Regarding the processing of the HRSC2016 and MAR20 datasets, we crop the original images into patches of 800x800 pixels with a 200-pixel overlap between adjacent patches. We use the training portion for training, the test portion for validation, and inference. As for the DIOR-R dataset, the image sizes remain unchanged, all being 800x800 pixels. We utilize the trainval portion for training, the val portion for validation, and the test portion for inference. We conduct training for 50 epochs on the DIOR-R and MAR20 datasets, while the HRSC2016 dataset is trained for 100 epochs to obtain the inference model.

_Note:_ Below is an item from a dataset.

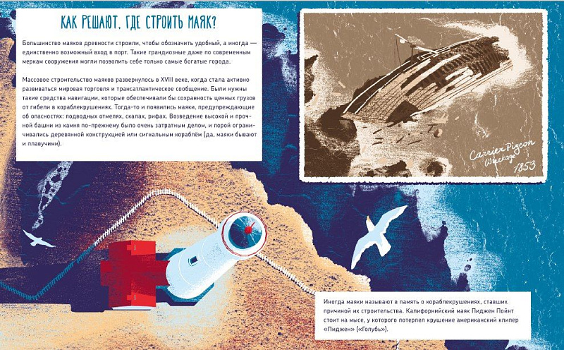 Художник и дизайнер Роман Беляев, с детства неравнодушный к разным особенным инженерным сооружениям, придумал и создал удивительную серию про самые интересные изобретения человека в области инженерного строительства. Книга «Как работает маяк» открывает серию, в которую войдут позже истории мостов, мельниц и других необыкновенных сооружений.

4.3. Comparisons with State-of-the-Art

We compare our proposed method with other SOTA approaches on the DIOR-R, HRSC2016, and MAR20 datasets. As shown in the table, without unnecessary elaboration, our method demonstrates superior performance compared to the SOTA approaches.

4.3.1. Results on DIOR-R

DIOR-R is a large-scale dataset characterized by an extensive array of categories and complex scenes. We have compared our approach to several SOTA detectors on the DIOR-R dataset. The proposed model extracts high-quality feature maps, enabling effective category recognition and precise learning of object bounding boxes. We have chosen various categories of objects at different scales and scenes with both dense and sparse object arrangements for visualization. The detection results are illustrated in the Figure 5. It can be observed from the figures that the proposed method accurately detects densely arranged objects. Table 1 presents the specific performance metrics for each object category. Thanks to the utilization of large kernel convolutions in RTMDet, CSPNextBlock, and data augmentation strategies during training, our baseline accuracy surpasses the current SOTA by a significant margin. For individual categories like DA, TS, and ST, the detection results are still subject to considerable improvement due to the limited number of training instances for each class, which is less than 1500. Similarly, some small object categories (e.g., BR and VE) have not achieved optimal performance due to their small size, which is less than 80 pixels, making accurate detection challenging. Overall, our approach outperforms most categories and achieves an outstanding performance of 74.51%.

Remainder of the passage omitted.